Turning to the merits of the plaintiff's position, the point is made by the plaintiff that at common law: "The death of a debtor arrests the running of the statute of limitations on claims against him (sic) until CT Page 5357 the appointment and qualification of his (sic) executor or administrator, at which time the statutes concerning the presentation of claims and the limitation of suits thereon come into operation."International Tool Gauge Co. v. Borge, 145 Conn. 644, 645 (1958). InLubas v. McCusker, 153 Conn. 250, 255 (1965), as said in an earlier edition of Locke Kohn, Conn. Probate Practice, § 483." The death of a debtor does not remove the bar of the statute of limitations if the full period of limitation has run by the time of death; but it does arrest the further running of the statute until the appointment and qualification of an executor or administrator." Because the statute of limitations would this begin to run immediately upon the appointment of the executor or executrix in a situation where much of the statute had run, fairness required the invention in the old statutory scheme of § 42-205 which said:

"If any person against whom a claim founded in tort esists dies on the day the applicable statute of limitations expires or within thirty days prior to such day, a period of thirty days from the appointment of his (sic) executor shall be allowed within which to commence suit."

(Section 42-205 is now Section 45a-395 (g) which is part of the statutory scheme dealing with claims against estates of people dying before 1987.

The difficulty with the situation at common law was that if death tolls the statute and it does not begin to run until a fiduciary is appointed, a prospective plaintiff could wait years to open an estate, thus avoiding any policy objectives sought to be achieved by our limitations statutes.

The legislature sought to address this problem in 1987 when it passed what are now §§ 45a-353 through 45a-383 of the Connecticut General Statutes entitled "Claims Against Decedent's Estates for Decedents Dying On or After October 1, 1987." It specifically addressed the tolling problem in subsection (c) of § 45a-375 where it says in relevant part:

". . . No claim may be presented and no suit may be commenced against the fiduciary, the estate of the decedent, or any creditor or beneficiary of such estate but within (1) two years from the date of the decedent's death or (2) the date upon which the statute of limitations applicable to such a claim . . . would otherwise have expired, whichever shall first occur."

CT Page 5358 There is a subsection (a) to § 45a-375 which like the old §42-205 was enacted out of considerations of fairness. It says a thirty day extension is allowed within which to make a claim "if any person against whom a claim exists dies within thirty days prior to the expiration of the limitations statute. But subsection (a) does not conflict with subsection (c) or compromise the legislature's intent to address the common law tolling problem. The two subsections must simply be read together. The thirty day extension is only allowed within the context of the two year limits set forth on subsection (c).

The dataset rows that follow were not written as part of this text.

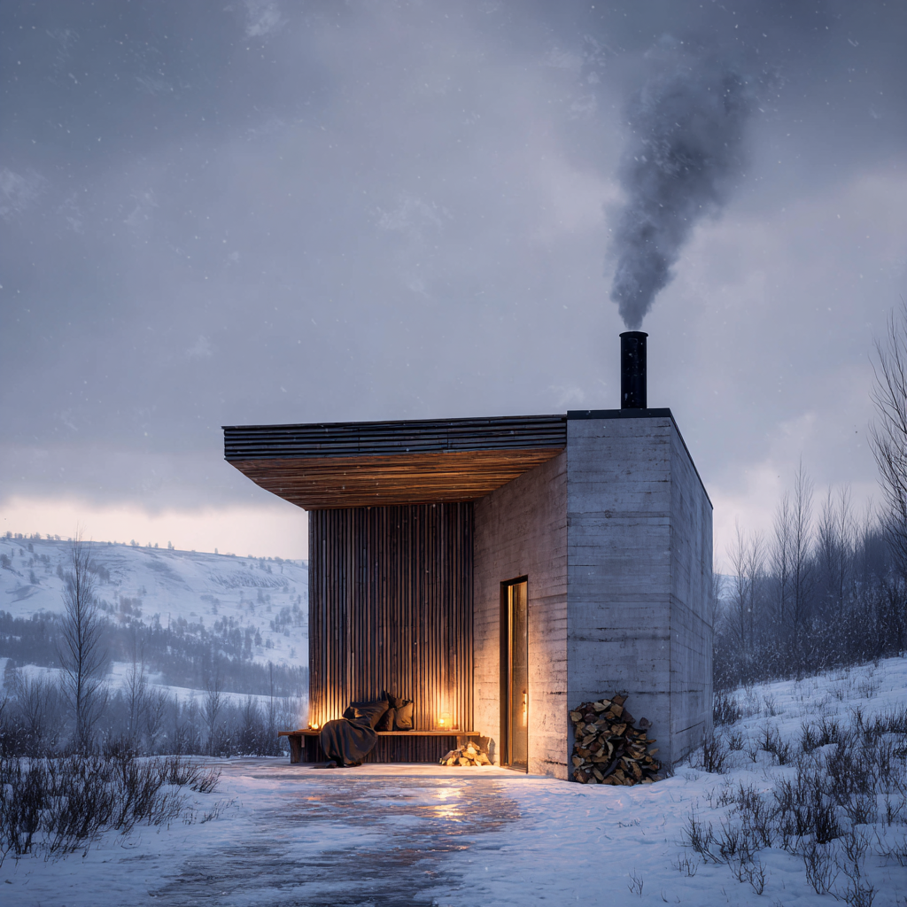 Crafted for resilience in extreme climates, the Alpine Cabin pairs raw concrete with warm timber interiors. With its compact footprint and high thermal performance, it offers comfort, protection, and character even in the harshest winters.
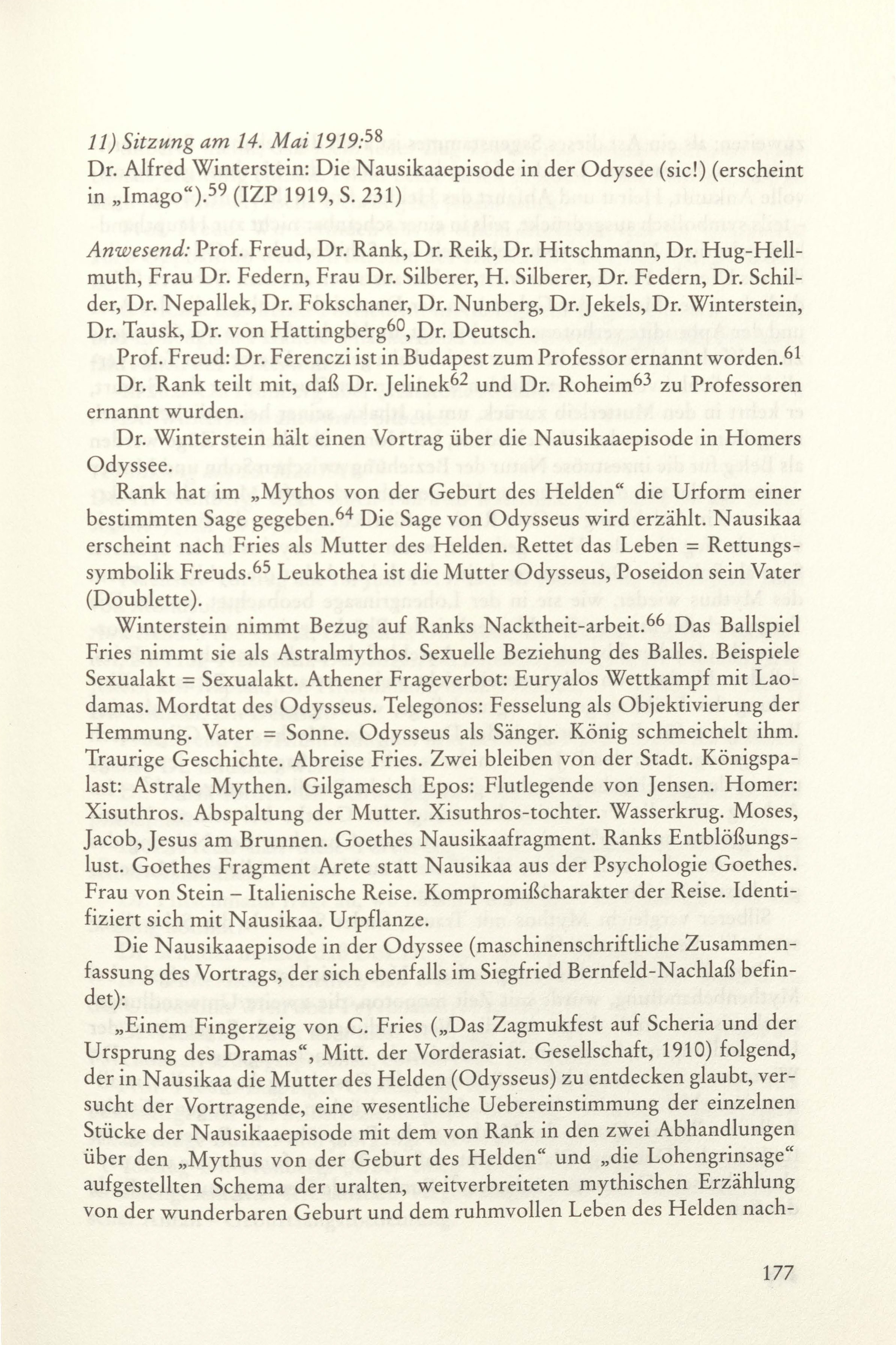 Anwesend: Prof. Freud, Dr. Rank, Dr. Reik, Dr. Hitschmann, Dr. Hug-Hell-
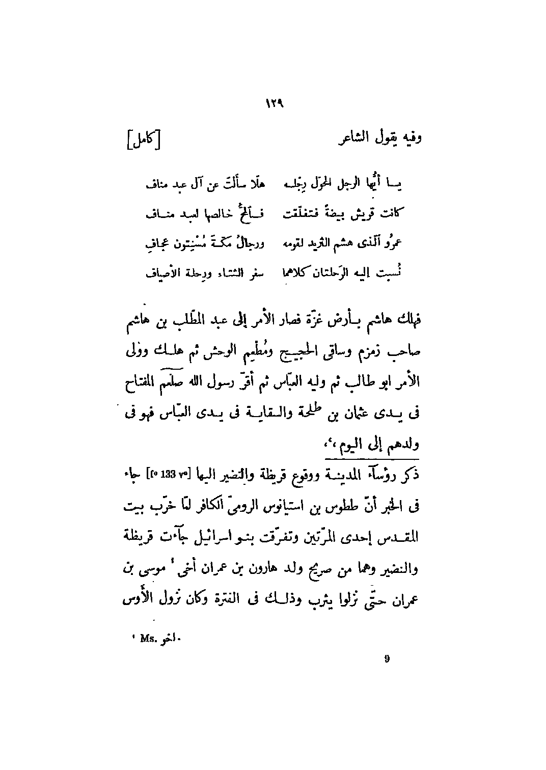 [F؟ 133 v؟] جاء في الخبر أن ططوس بن استيانوس الرومي الكافر لما خرب بيت المقدس إحدى المرتين وتفرقت بنو إسرائيل جاءت قريظة والنضير وهما من صريح ولد هارون بن عمران أخى [1] موسى بن عمران حتى نزلوا يثرب وذلك في الفترة وكان نزول الأوس
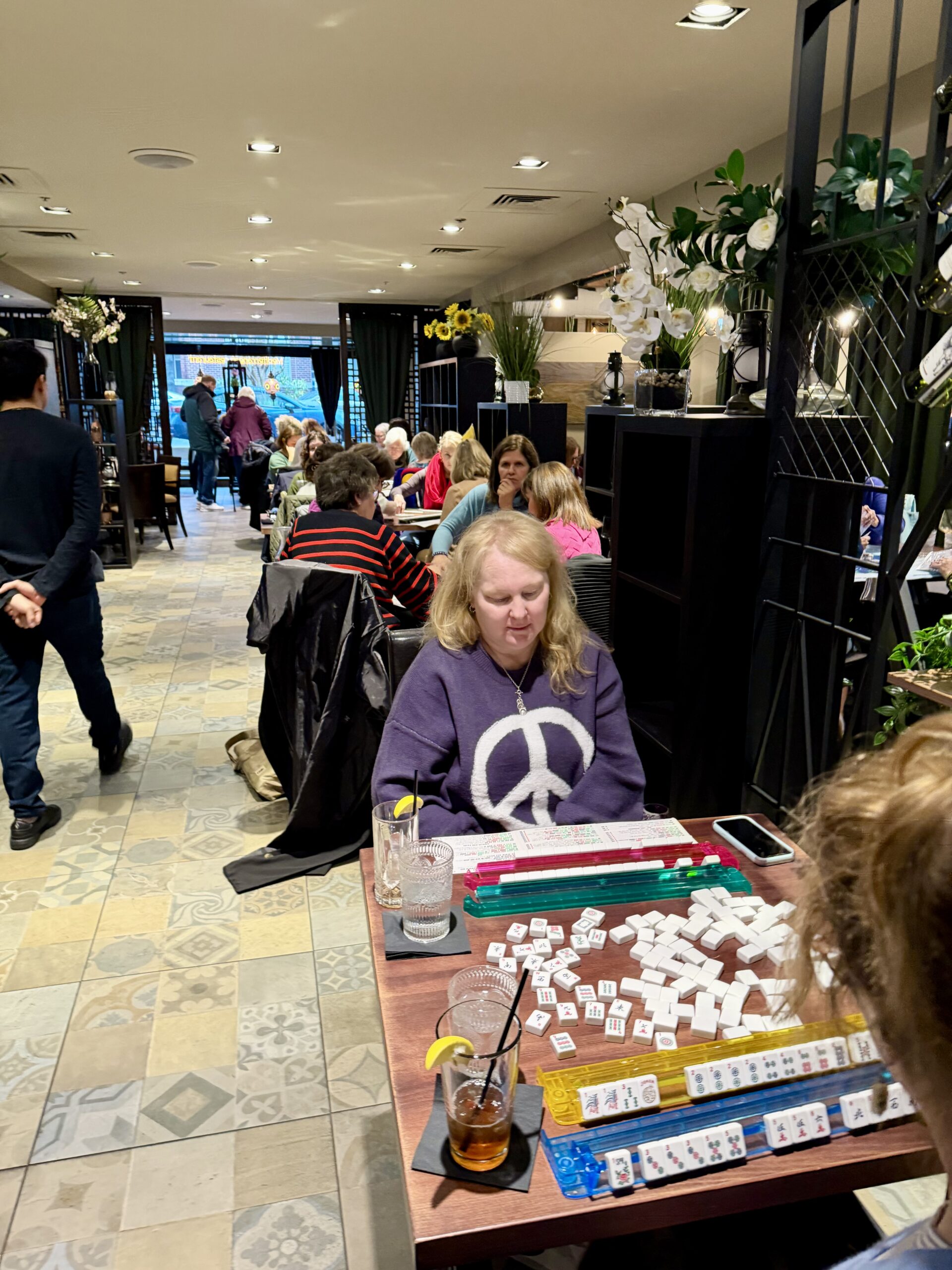 Bedecked in a profusion of generous, multihued scarves, here and there a shout of bright red, green, or purple sweater, the requisite assemblage of turtlenecks, sweatshirts and hoodies, and the inevitable array of green quilted-coats, blue jeans and pantsuits, a dazzle of nearly 50 women and one very smart or very lucky man gathered on a January afternoon for an exquisite brunch of Mediterranean food and wine, followed by the monthly Mahjong Party at Valletta Port.
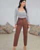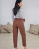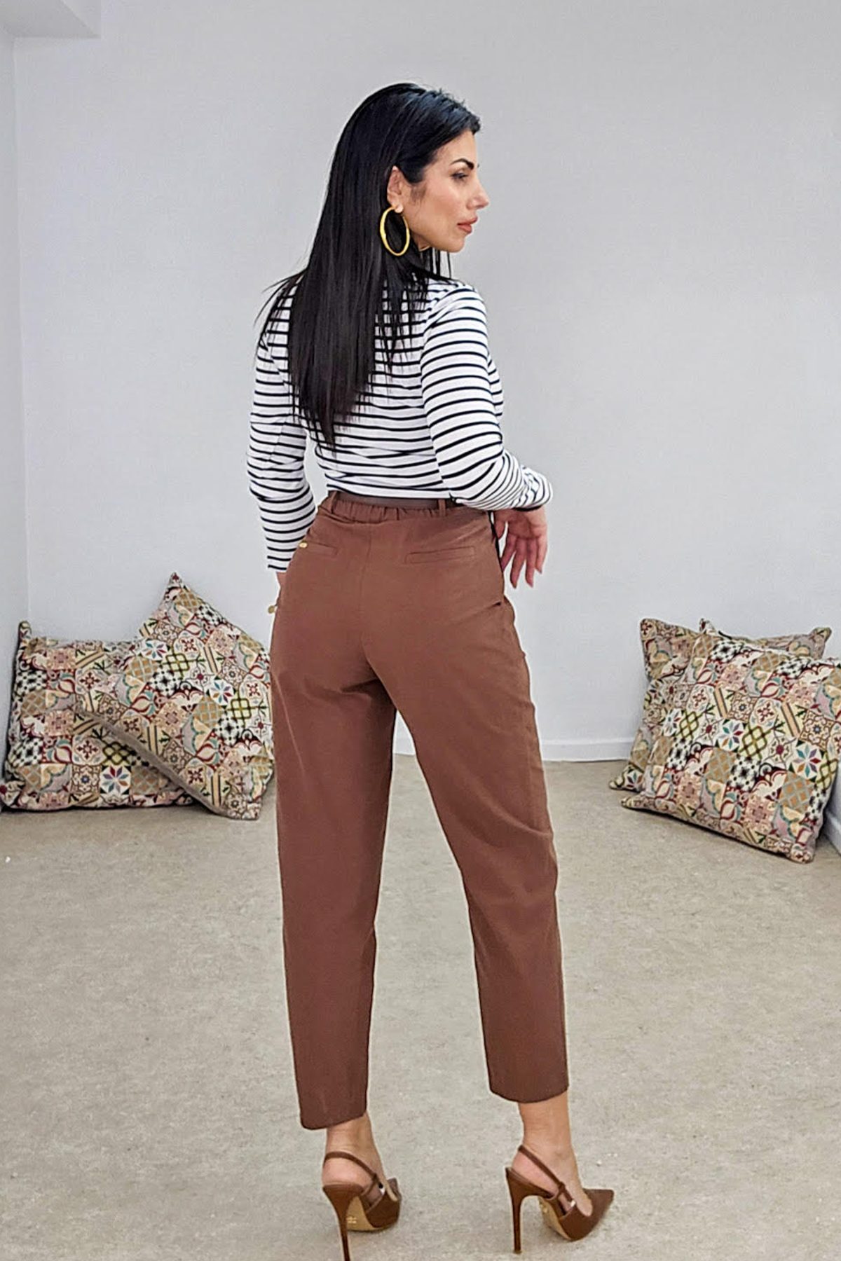 Ψηλόμεσο παντελόνι από σταθερό βαμβακερό ύφασμα. Το παντελόνι είναι στυλ mom σε άνετη εφαρμογή με πιέτες μπροστά και ανάλαφρο πατζάκι, κουμπώνει με κουμπί και φερμουάρ έχει ζώνη με λεπτή αγκράφα, λάστιχο πίσω στην μέση ,τσέπες στο πλάι και φιλέτο τσέπες στους γλουτούς. Το προιόν είναι ελληνικής εταιρείας.
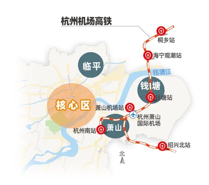全线新设海宁观潮站、钱塘站、萧山机场站,改扩建桐乡站。未来,从萧山机场站出发,高铁可直达杭州市内的钱塘站、杭州南站。
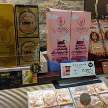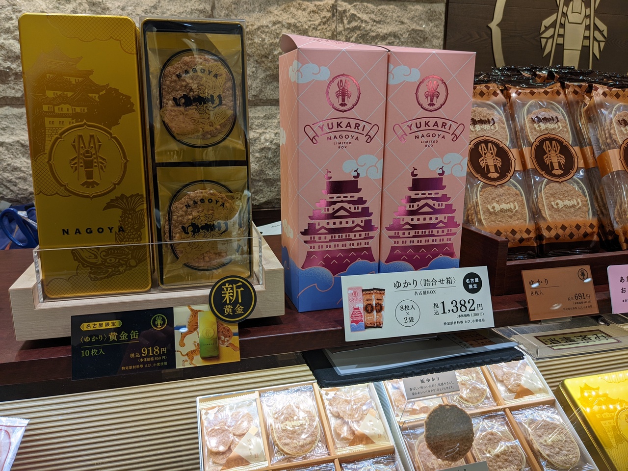 松坂屋名古屋店本館(地下1階)にある「坂角総本舗」のお店です。愛知を代表する海老せんべい「ゆかり」は、香ばしく、海老の旨味も凝縮されていて美味しいです。こちらのお店では、名古屋城が描かれた無料の箱に入れてもらうこともできるので、おみやげにも最適です。

Here, the defendant died long before thirty days prior to the expiration of the limitations period so it is irrelevant to any consideration before the court.

Also the language of § 45a-375 in using the word "claim" is broad enough to encompass a tort claim such as made here. Subsection (d) of § 45a-353 says:

"(d) `Claim' means all claims against a decedent (1) existing at the time of death or arising after the decedent's death including, but not limited to claims . . . founded in tort . . ."

(The definition is explicitly referenced as applying to the use of the word "claim" in § 45a-375; the statute says for the purposes of sections . . . 45a-353 to 45a-390 the following terms shall have the following meanings . . ." and then defines claim.)

The point here is that the plaintiff had a tort claim arising on June 12, 1998. The applicable statute of limitations allowed suit to be brought as late as June 12, 2000. Notice of Death was served on the plaintiff on April 11, 2000. Under § 45a-375 (c), the plaintiff had two months within which to create an estate and bring suit. Suit was not brought, however, until May 15, 2001, a day after an administratrix was appointed and well beyond the bounds of subsection (c) of § 45a-375. Therefore, the suit must be dismissed.2

Corradino, J.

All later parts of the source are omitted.